- Church: Church of England
- Diocese: Diocese of Carlisle
- In office: 2025 to present
- Predecessor: Rt Revd James Newcombe

Orders
- Ordination: 2005 (deacon) 2006 (priest)
- Consecration: 15 July 2022

Personal details
- Born: Robert James Saner-Haigh 1973 (age 52–53)
- Denomination: Anglicanism
- Education: University of Birmingham (BA, MPhil); Wycliffe Hall, Oxford (BA);

= Rob Saner-Haigh =

British Anglican bishop

Robert James Saner-Haigh (born 1973) is a British Anglican bishop. He is currently the Bishop of Carlisle, having previously been the Bishop of Penrith — the sole suffragan bishop of the Diocese of Carlisle — from 2022 to 2025. Before this he was a residentiary canon of Newcastle Cathedral and Director of Mission and Ministry for the Diocese of Newcastle since 2020.

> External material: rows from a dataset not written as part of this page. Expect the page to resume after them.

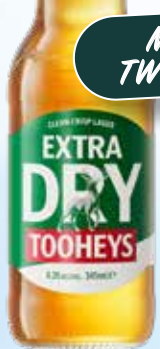
Extra Dry stubbies
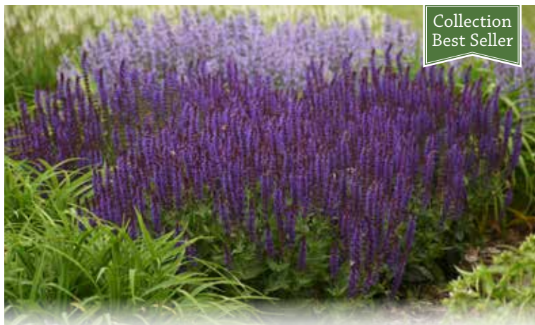
COLOR SPIRES® 'Violet Riot' Salvia nemorosa PP26273 CPBR5337
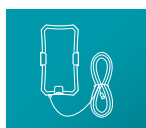
Dash-mount cradle antenna
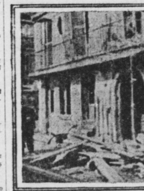
The Way the Germans Destroyed Homes.

But that was just the beginning. When I saw another man in one of those rat-colored costumes pull the mattress off my crib and take out its wool stuffing I was mad clear through. And then I looked around and saw they were doing the same thing to my mother's bed. They took most of the blankets, too. But what could we do? My father wasn't there, because he had gone somewhere else to fight and I was the only man in the house. I had tried kicking that German when he first picked me up and I realized he was too big for me to handle. We hoped that one raid would be the end of it, but it wasn't. Well, to
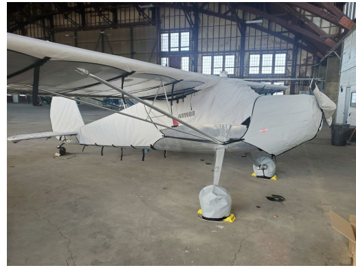
Cessna 140 Canopy, Wings, Prop, Tires & Empennage Covers
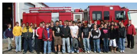
Smeal Fire Apparatus Co. hosts a plant tour to the sophomore and junior classes from Scribner-Snyer High School.
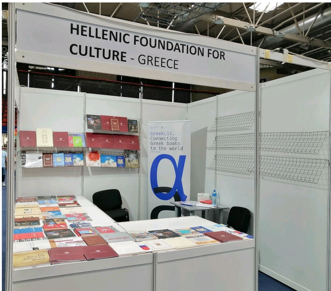
The International Book Fair in Banja Luka (2022)
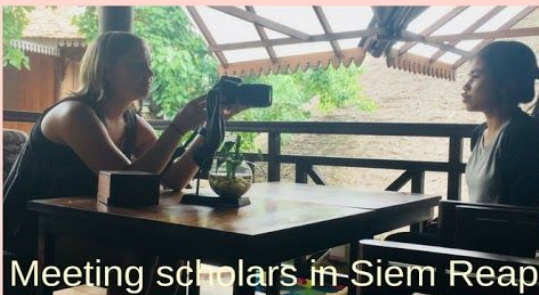
Meeting scholars in Siem Reap
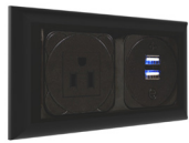
Basic power socket

==Early life and education==
He was educated at Birmingham University, graduating with a BA in Ancient History and Archaeology in 1994 and an MPhil in Archaeology in 1998, followed by training for ministry at Wycliffe Hall, Oxford, receiving a BA in 2004, upgraded to an MA in 2008.

==Ordained ministry==
He was ordained deacon in 2005, and priest in 2006. He was curate of Appleby-in-Westmorland in the Diocese of Carlisle from 2005 to 2007, then from 2007 to 2010 held the joint post of bishop's domestic chaplain, and curate of Dalston with Cumdivock, in the same diocese. From 2008 to 2010, he was also director of ordinands for the diocese.

In 2010, he was appointed priest in charge of Kendal Parish Church, and held that position until 2020 when he became a residentiary canon of Newcastle Cathedral and Director of Mission and Ministry for the Diocese of Newcastle.

On 27 May 2022, it was announced that he was to become Bishop of Penrith in the Diocese of Carlisle. He was consecrated as a bishop by Stephen Cottrell, Archbishop of York, on 15 July 2022 during a service in York Minster. Following the retirement of James Newcome as Bishop of Carlisle in August 2023, Saner-Haigh was acting diocesan bishop of the Diocese of Carlisle.

On 9 May 2025, it was announced that he would become the Bishop of Carlisle.His election was confirmed on the 1 September 2025 and he was installed at Carlisle Cathedral on 29 November 2025.

===Views===
He holds a "traditional view of Holy Matrimony" (i.e. one man and one woman).